Langfuse handles this natively with its dataset and experiments features. Conversely, with Helicone you typically pair it with a separate eval framework like Promptfoo or Inspect. For background on the broader system context, see my Spring AI RAG production guide and structured output patterns.

Cost attribution and budget enforcement

Both tools track cost, but the depth differs. Helicone’s strength is real-time per-user cost dashboards and built-in rate limiters that throttle abusive accounts before they blow the budget. Meanwhile, Langfuse excels at cost-per-feature breakdowns when you tag traces with feature flags, which is invaluable for product-led growth analysis.

In practice, I run Helicone as the proxy for cost guardrails and rate limiting, and Langfuse for deep tracing and evaluation.
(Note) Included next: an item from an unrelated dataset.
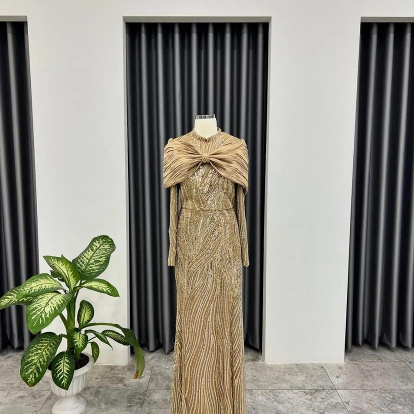 gold renkli, drapeli tasarıma sahip uzun kollu abiye elbise. Tek renk ve parlak yüzeyiyle düğün ve özel günler için uygundur. ✨ abiye kiralıktır toplu kiralamada fiyatta yardımcı oluyorum satılık 3500tl

Consequently, the two systems coexist: Helicone catches the runaway loop in real time, and Langfuse explains why it happened the next morning. Notably, both tools support the OpenTelemetry GenAI conventions, so duplicate ingestion is a config flag away.

In conclusion, getting LLM observability Langfuse Helicone right is less about picking a tool and more about deciding what questions you must answer in production. Start with OpenTelemetry instrumentation, choose Helicone for fast cost visibility, layer Langfuse for deep tracing and evaluation, and never ship a prompt change without a regression eval. As a result, your LLM platform becomes debuggable, predictable, and economically sustainable.